Heritage Anglican church-this is what I get amped up about. There was a Loyola University student 19 years old, coming to Redeemer. You would not pick him out as a planter. He enjoyed reading Latin and playing the flute. But Jacob was at a Christmas carol night and he gets the idea to start a church in his neighborhood. So I walked alongside him. He started Heritage Anglican Church in a nursing home. Redeemer has planted 4 congregations headed by catechists. My job is to train and equip the catechists at all of these congregations. We have these 4 churches....there are already thoughts about where these 4 can go to plant other churches.

To share what we have learned.

1. Spontaneous growth-we believe that this happens when we release lay people to start congregations. When you allow them and train them and equip them, the number of planters expands a thousand fold, anyone in the congregation can do it. People start to approach you to become catechists and plant churches.
2. If you do this, you find that you're able to reach multiple cultures in a community. We believe that when God places a call on your heart, chances are you are the best expert. I have been to Northwestern University. William said, "You're the expert. You have a vision. Jacob is an expert at nursing home ministry. You'll hear from Jonathan Kemper in a moment who is starting churches in low income housing.
3. Resources come in the harvest: All of these churches started with zero seed money. The people who are sent out...the groups are no bigger than three or four. God provided and continues to provide for each. Trust him.
4. Church planting is more fun than hard. We're having a blast. It is hard but it is a fun kind of hard. What makes it fun is letting the Holy Spirit show you where to go next. It's his work really, yours is just to follow and go.
5. This catechist model builds a missional ecclesiology into the church: the pool of ordinands come from your catechists. These are people to be ordained. William Beasley had me do two congregations before considering me for ordination. There is a high degree of discipline and accountability. They clearly are continually walking alongside them as they take ownership of the church. But as the church begins to fill up with ordained church planters, the mentality and philosophy of the whole will shift toward mission. William Beasley is now working nationally to do this.

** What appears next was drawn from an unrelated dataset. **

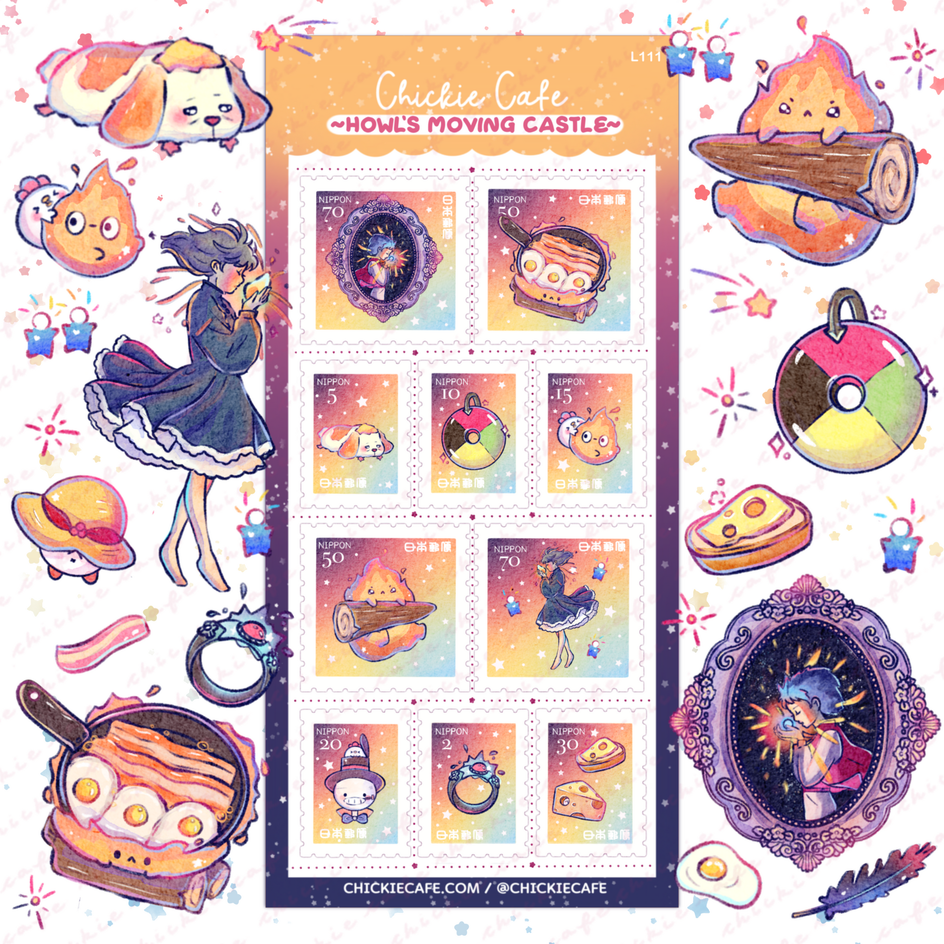 Howl's Moving Castle Stamps Sticker Sheet

Field Report: Church Planting and the Hispanic Community

By Jonathan Kindberg

I was born a missionary kid in Latin America. And now I am leading an Hispanic church planting initiative. My hope is to start a church planting movement among Hispanics in North America and pull together this those initiatives and plants that already exist.

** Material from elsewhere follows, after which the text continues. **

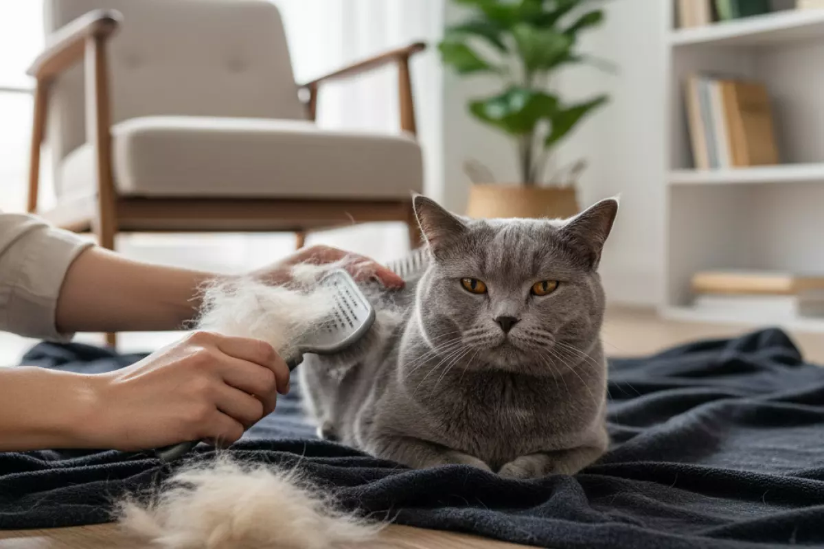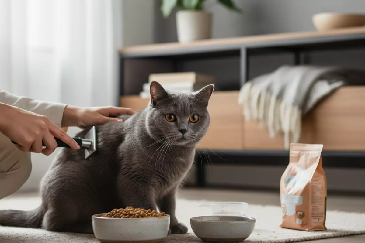 Британская короткошёрстная вылизывается активно, а плотный подшёрсток повышает риск заглатывания волос. Чтобы уменьшить вероятность рвоты шерстяными комками и запоров, полезны вычёсывание, доступ к воде и подходящие добавки по согласованию с врачом.

The Hispanic community is the largest minority in theUSA with 50.5 million people. 1 in 6 people in the US are Hispanics. It is also the fastest growing minority group in the US. 1 in 4 babies born are Hispanic babies. We are right now the second largest Spanish speaking country in the world.

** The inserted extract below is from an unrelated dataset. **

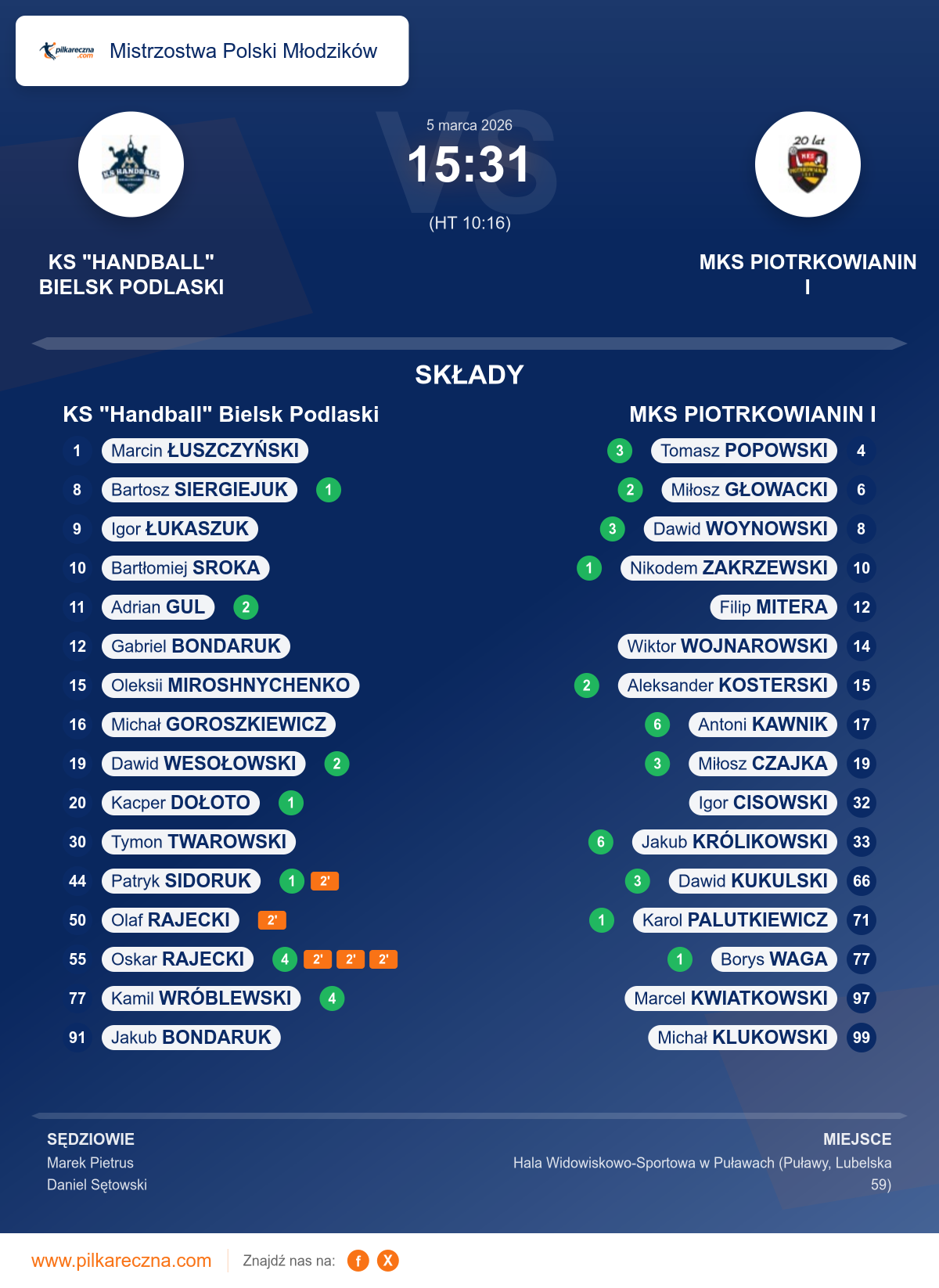 Bramkarze: Michał Klukowski, Marcel Kwiatkowski, Filip Mitera

What does Anglicanism have to offer? This is a great opportunity to be the via media we talk about being since lots of Hispanic people come from liturgical backgrounds. We preach the gospel in the familiar context of liturgy. And in so doing, we can put the fire of the gospel into the fireplace of liturgy and hopefully see many Hispanics come to the Lord.

There are 25 current Hispanic congregations. We've planted 6 new congregations in the last 6 months. So we are growing fast.